Here is what actually happens: if another website links to a URL in your blocked directory, Googlebot discovers that URL from the external link signal. Even though it cannot crawl and read the page, Google may still add the URL to its index. It will appear in search results with a generated title and no description snippet — essentially a ghost listing.

If you have existing pages in a blocked directory that are already indexed and you want them removed, you have two options. First, temporarily allow crawling of those pages, add a noindex tag, and wait for Google to recrawl and drop them from the index — then block the directory again once the pages are removed. Second, use the URL Removal Tool in Google Search Console to request temporary removal (it lasts 6 months and must be renewed, or you can make it permanent by keeping the noindex). The removal tool is faster but the noindex approach is the permanent solution.

How to Verify a Directory Is Blocked Using Google's Robots.txt Tester

Google Search Console provides a robots.txt tester that lets you confirm whether a specific URL is blocked by your current rules.

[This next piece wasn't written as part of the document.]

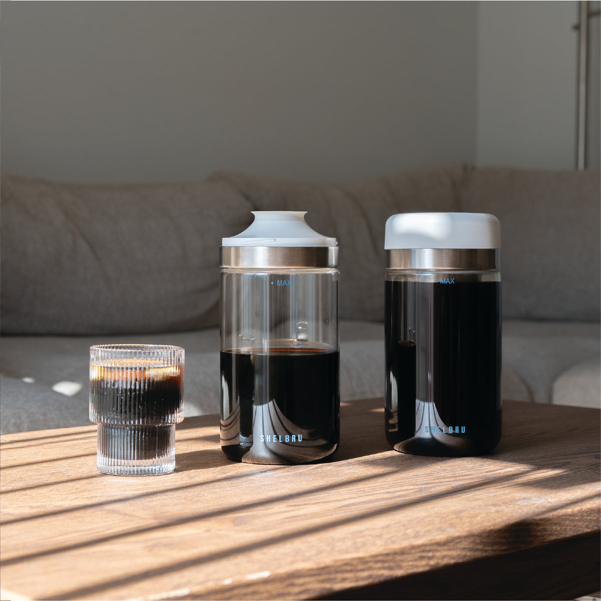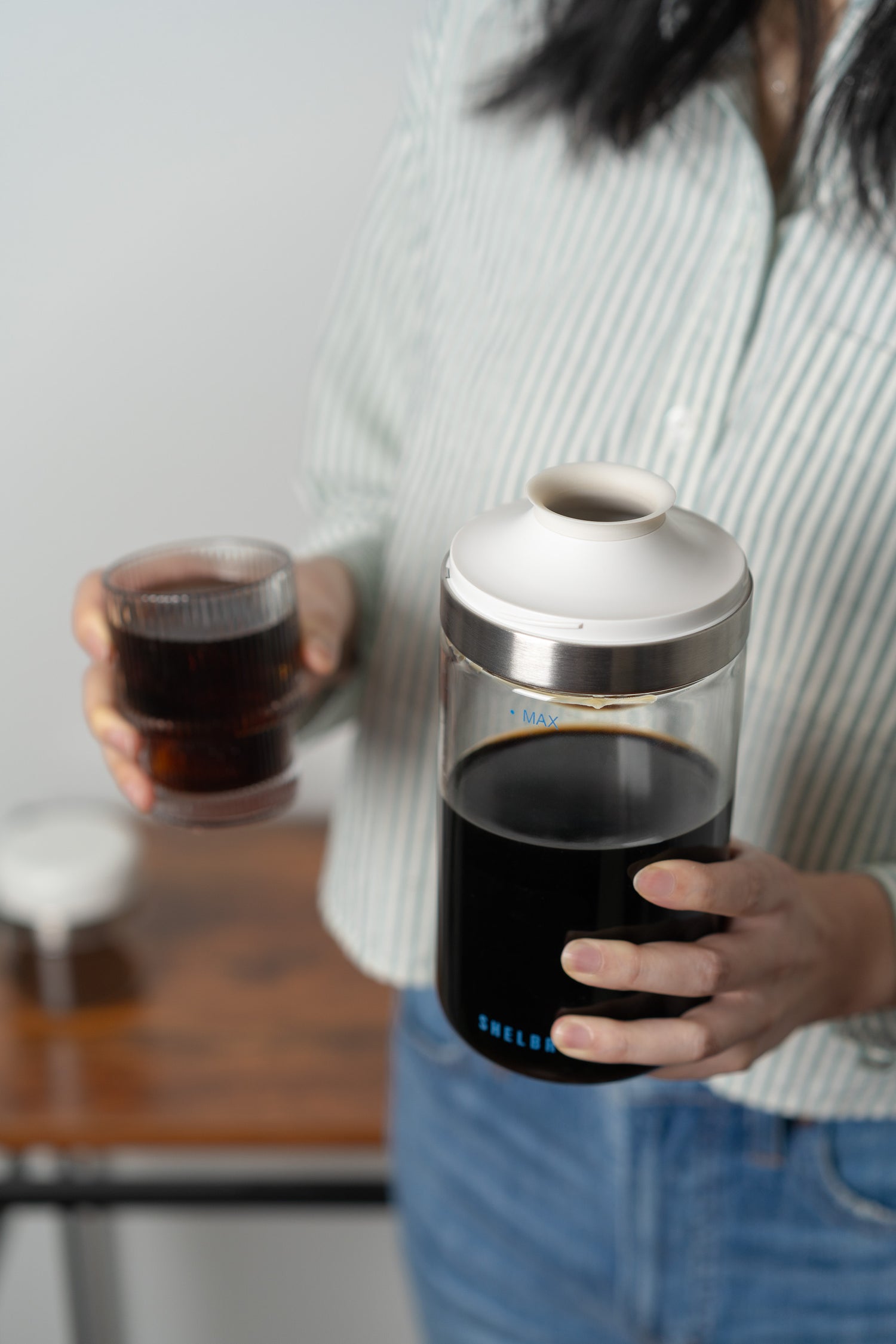 Add 100g (3.5oz) of coffee to the coffee filter (there is a 3.5oz mark on the surface of the filter) and add 700ml of water to the jar, or fill the water up to the “MAX” mark on the glass jar to produce 500~550g of cold brew concentrate.

  1. Open Google Search Console and select your property.
  2. Go to Settings (gear icon, bottom-left) and click robots.txt report.
  3. In the test box at the bottom of the page, enter a URL from the directory you want to verify — for example, /admin/users.
  4. Click Test. The tool shows whether Googlebot can or cannot access the URL, and highlights the specific rule responsible for the result.

You can also test from the URL Inspection tool in Search Console — enter the full URL and check the "Crawl allowed?" field in the results. This method also shows you the last time Googlebot tried to crawl the page and what it found.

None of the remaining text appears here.